Spanish field hockey player (born 1991)

Joaquín Raúl Menini Suero (born 18 August 1991) is a field hockey player who plays as a forward for Dutch Hoofdklasse club Rotterdam. Born in Argentina, he represents Spain at international level. He previously played for his country of birth national team.

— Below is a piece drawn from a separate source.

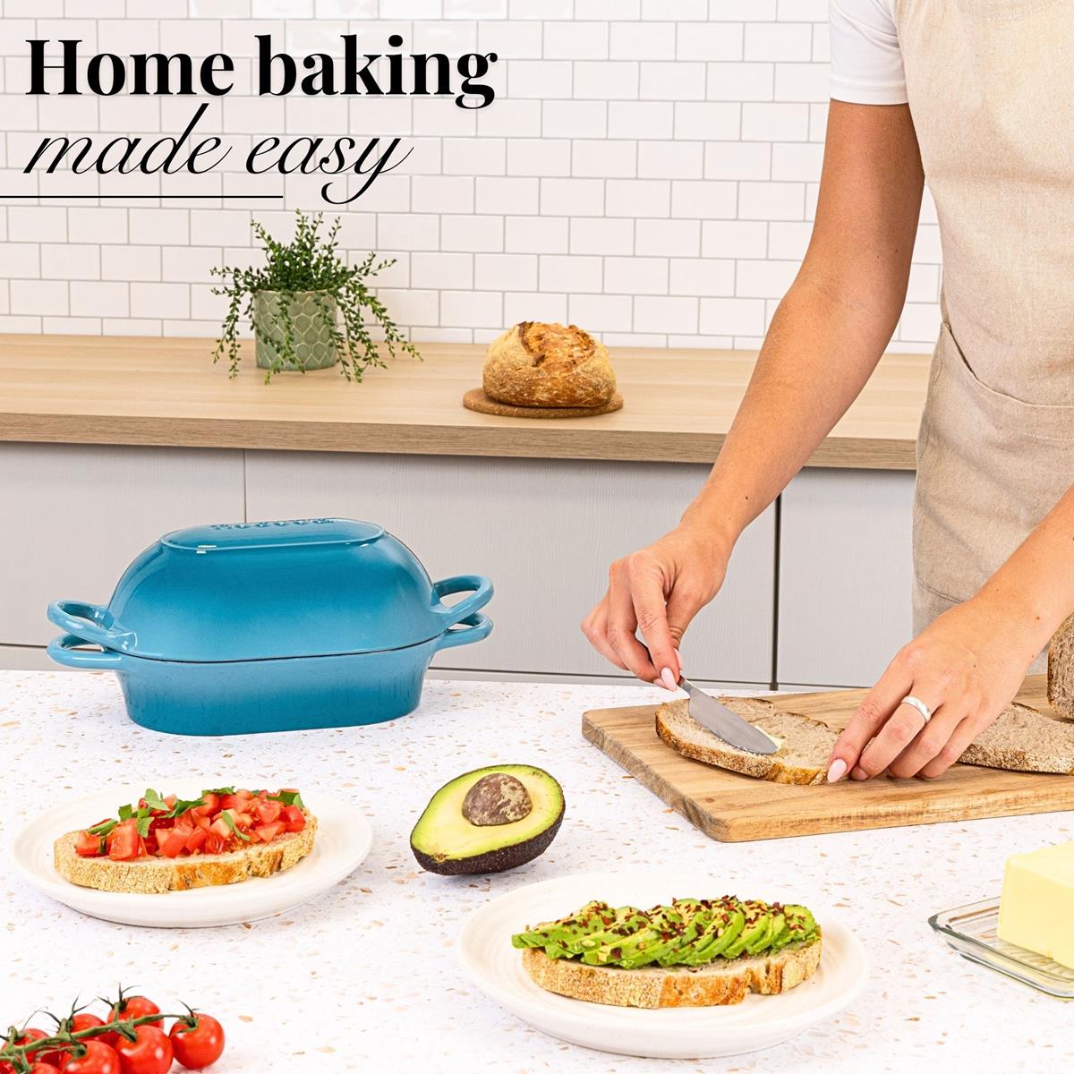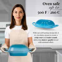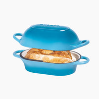 Enamelled Cast Iron Bread Loaf Pot 22x14cm, Light Blue, Dutch Oven Non-Stick

He was part of the Argentine team that won gold in men's field hockey at the 2016 Summer Olympics in Rio de Janeiro.

==International career==
===Argentina===
He made his debut for the Argentina national team in 2011 in a Champions Challenge's tournament played in South Africa. He won his first gold medal in 2014 South American Games. Menini was part of the Argentina squad that won the bronze medal 2014 World Cup, he also played at the 2018 World Cup.

===Spain===
Due to having a Spanish passport alongside his Argentinian one he was eligible to play for Spain in February 2022 after not having played for Argentina for three years. He made his debut for Spain against England on 4 February 2022.

==Club career==
Menini played in Argentina for Club Ferrocarril Mitre before he moved to Europe in 2014 to play for Club de Campo in Madrid, Spain. He played there until 2016, when he moved to the Netherlands to play for HGC in Wassenaar. After having played one year for them he transferred to another Dutch club, HC Den Bosch where he signed a contract extension in 2018. In July 2020 it was announced he signed for Rotterdam for the 2020–21 season.